- Data section -
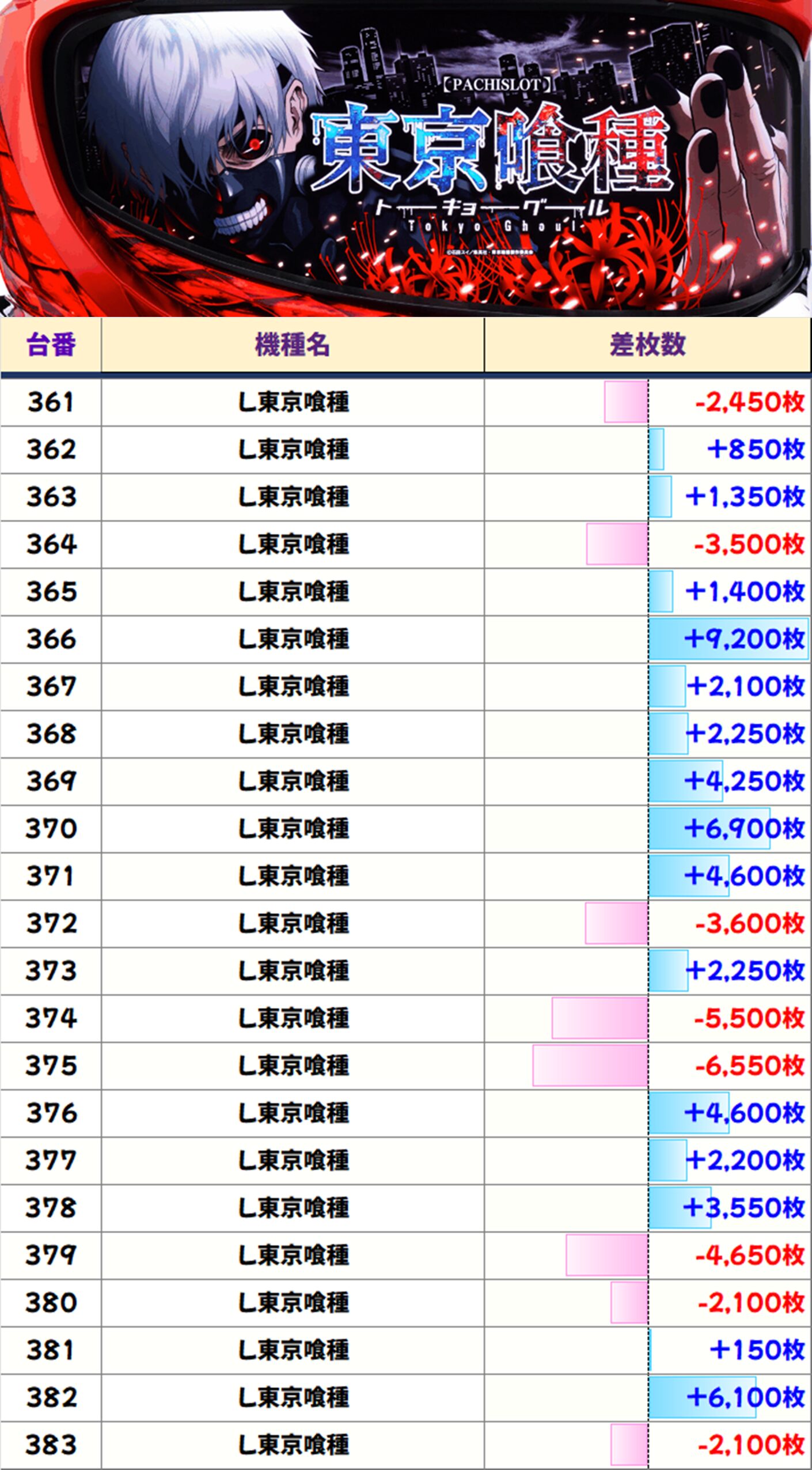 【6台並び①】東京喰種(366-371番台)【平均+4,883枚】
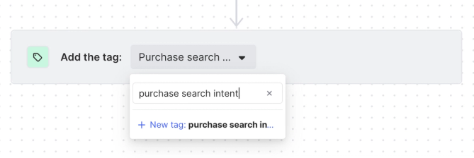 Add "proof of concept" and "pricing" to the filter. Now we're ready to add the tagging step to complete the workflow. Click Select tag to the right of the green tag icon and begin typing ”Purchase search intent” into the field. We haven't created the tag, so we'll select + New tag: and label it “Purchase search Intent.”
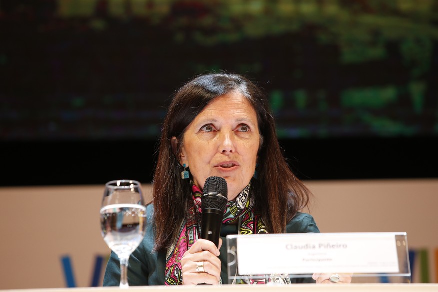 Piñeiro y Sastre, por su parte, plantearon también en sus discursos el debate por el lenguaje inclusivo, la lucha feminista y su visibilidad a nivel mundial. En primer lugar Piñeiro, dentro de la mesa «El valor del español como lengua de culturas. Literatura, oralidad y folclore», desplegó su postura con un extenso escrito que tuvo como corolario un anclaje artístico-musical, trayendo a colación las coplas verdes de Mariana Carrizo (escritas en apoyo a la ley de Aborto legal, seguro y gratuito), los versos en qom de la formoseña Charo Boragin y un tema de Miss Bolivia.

- Directions -
Please transcribe the listing exactly as it stands, but omit its pictures.

- Task result -
 【6台並び①】東京喰種(366-371番台)【平均+4,883枚】
 Add "proof of concept" and "pricing" to the filter. Now we're ready to add the tagging step to complete the workflow. Click Select tag to the right of the green tag icon and begin typing ”Purchase search intent” into the field. We haven't created the tag, so we'll select + New tag: and label it “Purchase search Intent.”
 Piñeiro y Sastre, por su parte, plantearon también en sus discursos el debate por el lenguaje inclusivo, la lucha feminista y su visibilidad a nivel mundial. En primer lugar Piñeiro, dentro de la mesa «El valor del español como lengua de culturas. Literatura, oralidad y folclore», desplegó su postura con un extenso escrito que tuvo como corolario un anclaje artístico-musical, trayendo a colación las coplas verdes de Mariana Carrizo (escritas en apoyo a la ley de Aborto legal, seguro y gratuito), los versos en qom de la formoseña Charo Boragin y un tema de Miss Bolivia.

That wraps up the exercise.